Hawaiian Electric Company and SunPower Corporation (Nasdaq: SPWRA, SPWRB) announced an agreement for SunPower to sell solar photovoltaic (PV) power to the utility under a fixed price contract for 20 years. The power will be generated from a five-megawatt (MW) solar farm that SunPower will design, build and operate at Kalaeloa in West Oahu.

The purchase power agreement is before the Hawaii Public Utilities Commission (PUC) for approval. Upon PUC and other needed approvals, SunPower plans to begin construction this year and complete the solar farm within five months. It will be located on 40 acres leased from the Department of Hawaiian Home Lands (DHHL) at Roosevelt Avenue and Boxer Road.

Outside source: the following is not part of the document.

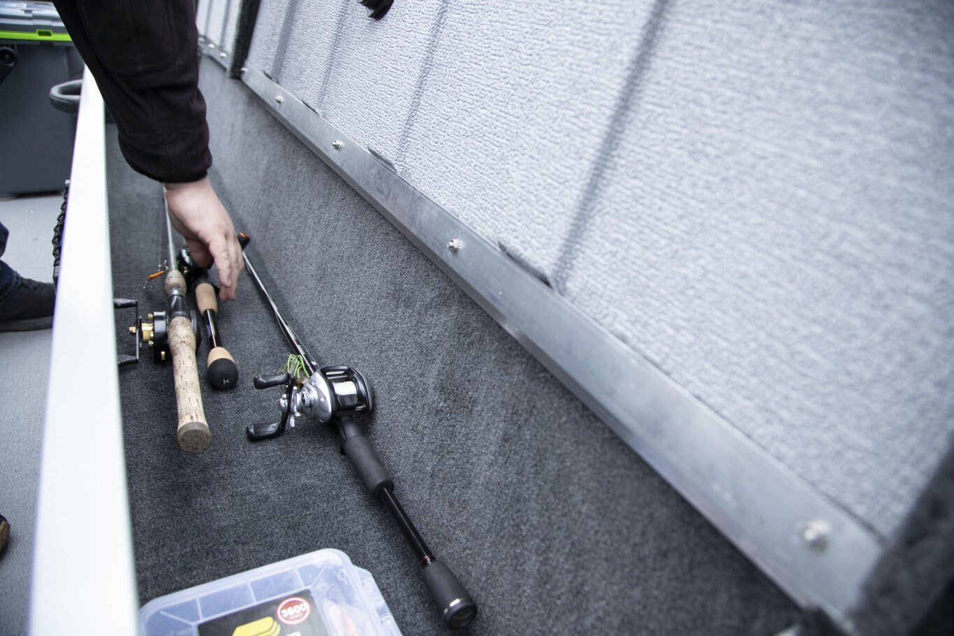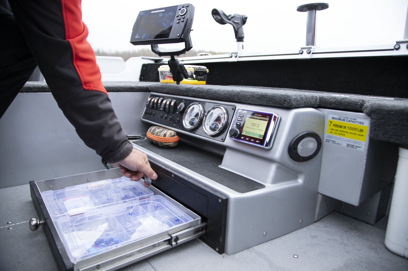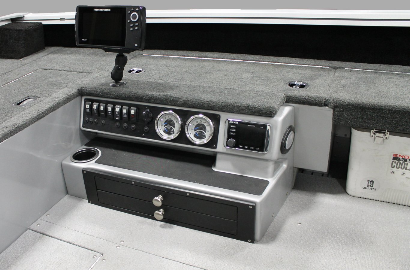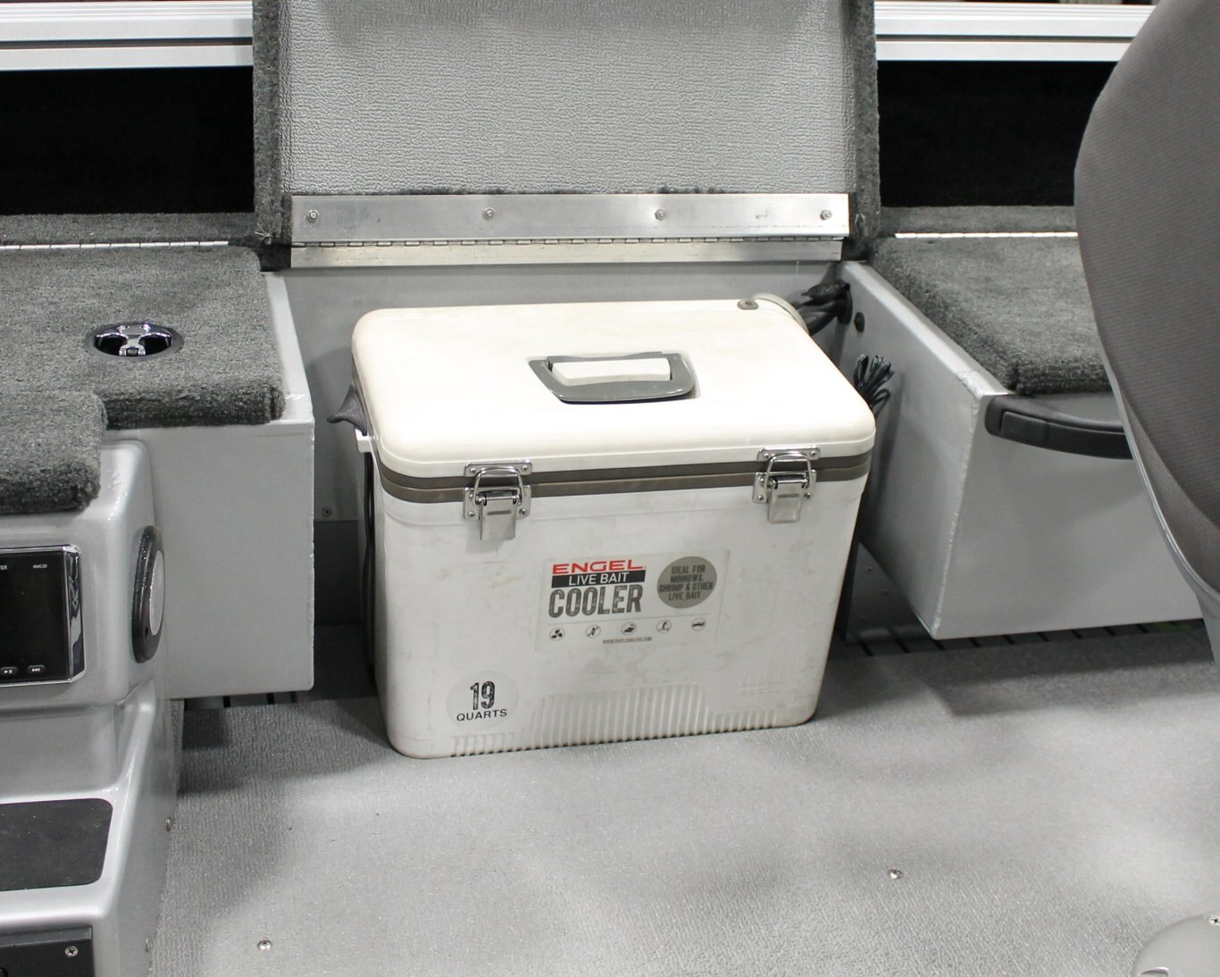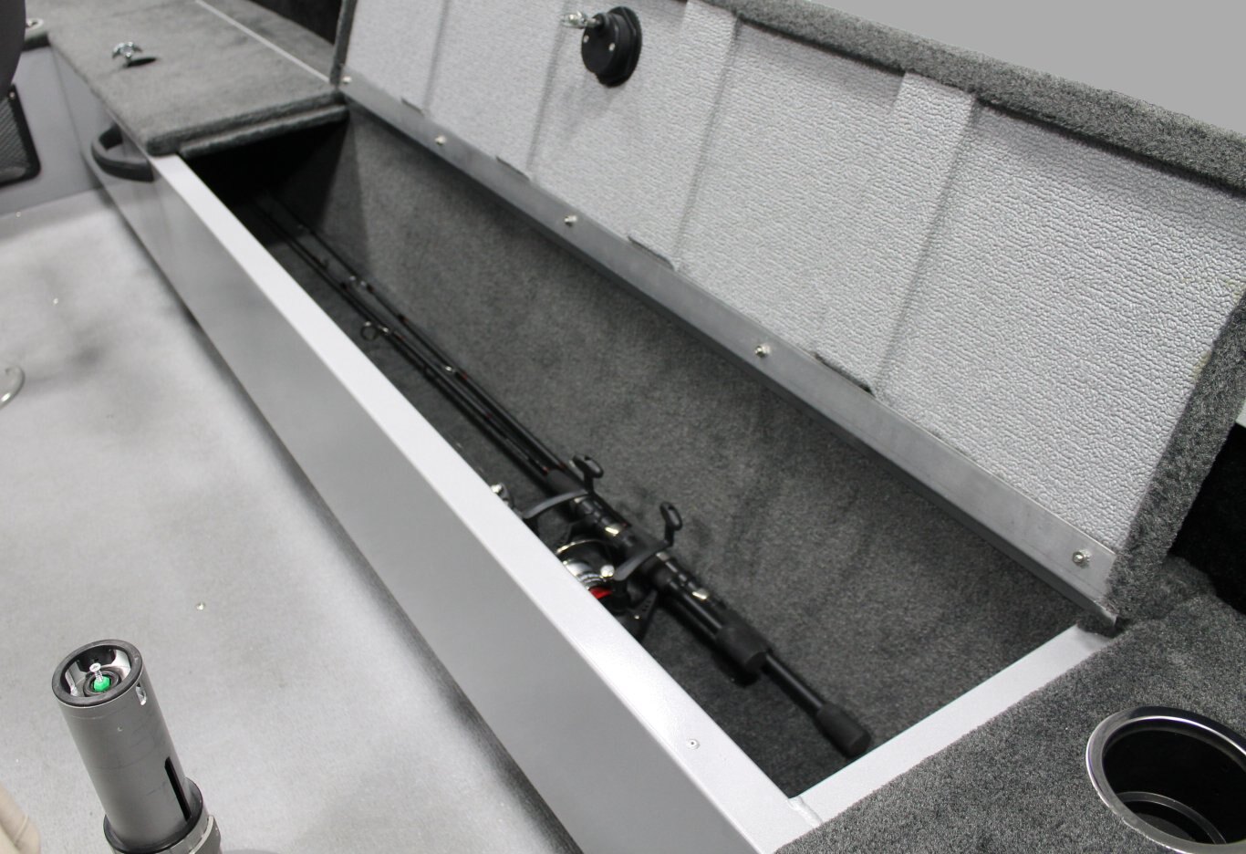 Deck Amenities AM/FM Stereo (N/A on 16') Lifetime Hull Warranty Trolling Motor Panel Lockable Bow Storage Integrated Gunnel Track System (IGTS) Lockable Center Rod Storage Wood Free Fishing Seats Full Vinyl Floor Aerated Stern Livewell

"With SunPower’s high-efficiency technology, Hawaiian Electric will benefit from reliable, cost-effective, guaranteed performance," said SunPower Business Unit President Jim Pape. "The solar farm will contribute clean, renewable solar power to Oahu while generating welcome revenues for the important work of the Hawaiian Homelands department on behalf of native Hawaiians."

"We welcome this agreement for another solar facility for Oahu, part of our continuing effort to get as much renewable energy on our island grid as possible," said Robbie Alm, Hawaiian Electric executive vice president. "Hawaii already leads the nation in solar watts per person, much of it generated by customer-sited roof-top PV arrays. This and other large-scale projects will increase our solar leadership and help us meet our clean energy goals."

The SunPower agreement is an outcome of Hawaiian Electric’s request for proposals for renewable energy projects for Oahu issued under the PUC’s competitive bidding framework in 2008.

SunPower will install high-efficiency SunPower solar panels, the most productive on the market today, on a SunPower Tracker® system. The Tracker positions solar panels to follow the sun’s movement during the day, increasing sunlight capture by up to 25 percent over conventional fixed-tilt systems, while significantly reducing land requirements.

According to estimates provided by the U.S. Environmental Protection Agency, the solar farm will produce enough renewable power to avoid almost 11,000 tons of carbon dioxide emissions per year, equivalent to removing 37,600 cars from Hawaii’s roads over the 20-year term of the power purchase agreement.

The price per kilowatt-hour in the fixed-price, as-available contract is comparable to a similar recently completed solar facility agreement and is lower than the proposed price for the third tier of Hawaii’s Feed-in Tariff.

On Oahu, this project joins a growing portfolio of renewable resources, including: an expanding waste-to-energy plant; a waste gasification plant in development; a new wind farm; other solar farms under development; renewable projects existing and being developed under the Feed-in Tariff and an enlarged Net Energy Metering program; as well as biofueling of new and existing power plants.